On Thursday, Benedict Engineering Co. showed off a prototype of the new
robotic system, known as an Automatic System Retrieval System, to about 25
Navy officers and civilian contractors.
The demonstration was the culmination of a $2 million grant the company won
two years ago to develop, design and build a prototype.
"This gives us a toy to feel, touch and go back over and redesign," said Wesley White, Benedict's director of business development.
The handling system, which is still a few years out, will make it easier and faster for ships to get to what they need, whether it be ammunition or food. Currently, the process is done with forklifts and manually by hundreds of sailors who form human chains. And in most cases, the ships must dock to get access to the cargo.
"This is very innovative," said Gary Good, project engineer, research and concept development official who works with aircraft carriers with the Virginia-based Northrop Grumman Corp.
It operates like that of a remote control car with the capability to move in any direction. Only it looks more like an open-platform elevator.
It works like this: Laser beams guide the system and align it between steel storage racks. The system then locks onto the sides of the rack before robotic arms extend out to retrieve cargo containers. Depending on where the unit will be placed, the system can move up or down the storage racks.
It can move 3,000 to 4,000 pounds and 333 pallets an hour. A ship usually brings on 500 to 600 pallets every eight to 10 days.
Another retrieval system, already built in Norfolk, Va., by BEC, can be suspended from the top of the cargo hold and is able to lift and move 55,000 pound, 50-foot containers. BEC officials are trying to secure $3 million to complete its development.

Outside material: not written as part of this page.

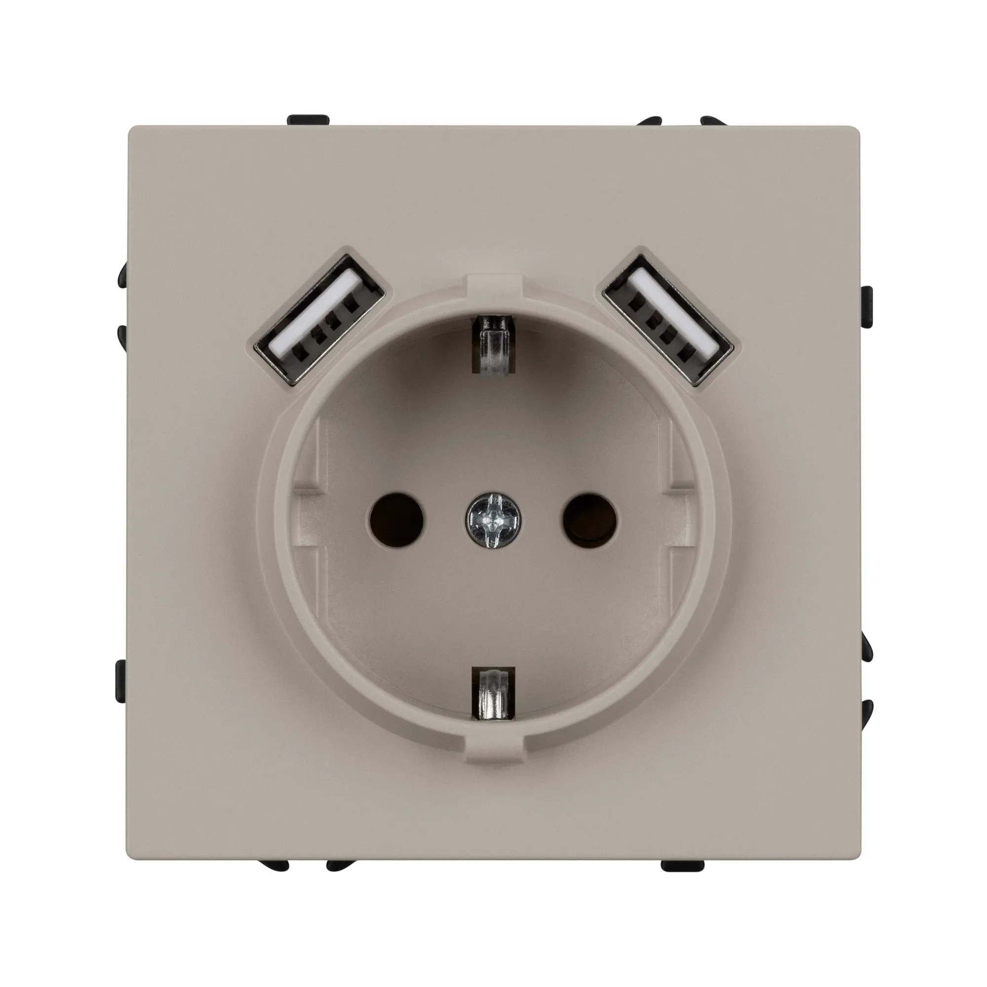 Механизм розетки с заземлением на 1 пост и 2USB Type A порта. Цвет - кашемир, с Soft-Touch поверхностью. Без фронтальной рамки. Уровень пылевлагозащиты IP20. Розетка устанавливается в стандартный подрозетник круглого сечения диаметром 60мм.

The new system, which is the first to retrieve and store containers, also can be adapted to be used on aircraft and in warehouses. Good said other companies are developing either storage or transportation systems. None have systems that can both retrieve and store.
"Its flexibility seems to be of the nature we're expecting it to displace large teams of manpower," Good said.
Benedict, a 50-employee firm founded in 1982, had the concept for such a system during the late 1980s when BEC founder Charles E. Benedict designed it.
But the Navy wasn't interested then, he said.
"It wasn't until they had a need that they finally decided to talk to us," Benedict said.